Drinks were enjoyed at this hip bar which gave us a good idea of what the city was like (spoiler alert: we wished Udine was more like Mestre) and then we walked to dinner at a little osteria that had many options for the meal. Between the four of us, we opted to try as much as possible, so that led to a tray of delicious antipasti, with a selection of apps, enough for each of us to sample everything. Then we all decided to try and order different plates so we could share and taste it all. Everything I ate was delicious, especially my pasta with a cinghiale sauce.
By the time the evening was finished, I was completely stuffed and exhausted from all the walking. We immediately crashed for the night, before going to brunch the next morning.
Sunday morning, we had been invited to eat with the family of Kela’s boyfriend and eat we did! Everything was homemade and SO delicious. Andrea and his parents (and sister) were so incredibly generous and patient with my (lack of) Italian. I actually was pretty pleased with how much I understood, but coming up with the words to respond still needs some practice. They sent us home with two bottles of wine and treats, which was so incredibly kind of them.
Kela gave me a book of verbs to help me learn (thank you!) and she also let me borrow her Italian cookbook so I can 1) make delicious meals with readily available ingredients, and 2) learn the language at the same time. Genius. And tasty!

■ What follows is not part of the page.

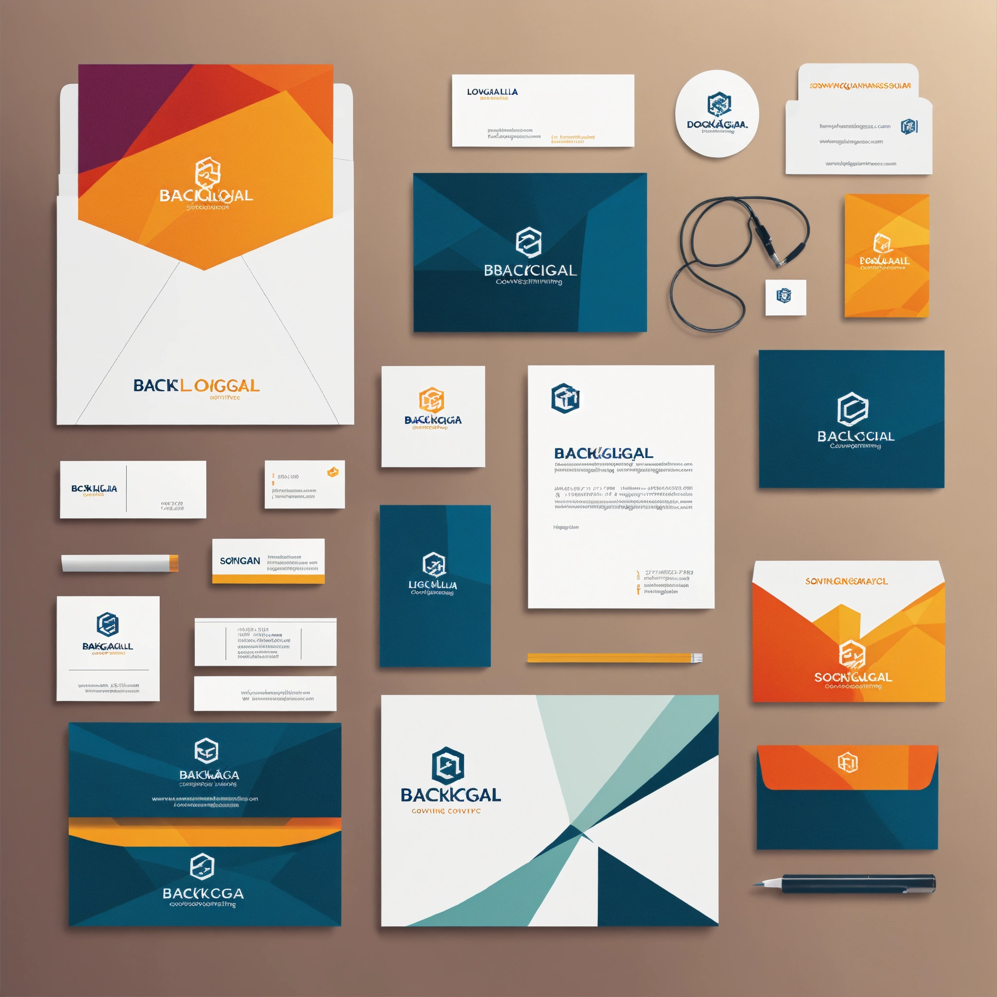High resolution icon of a extremely simple 2d, elegant, clean and modern geometric business identity, business card, letterhead for software process consulting company "backlogical" in conveying terms "logic", "software", "development", "process"

We walked around Venice some more after the meal, before we had to hop our train back to Udine (where the afternoon got cloudier and grayer as the train roared closer to Udine–very metaphoric, really).
I can’t wait to go back and visit again. It was so nice hanging out with Kela and Andrea (and his family). On the train ride home, I was thinking about my friend Natalie and a blog post she wrote when she was moving back to the States from France. She wrote that “you never stop needing your people,” which stemmed from a story about her little cousin getting “lost” at a family reunion and crying out, “where are my people?!”
It’s true. You always need your people, and I’m glad I’ve got some people over here.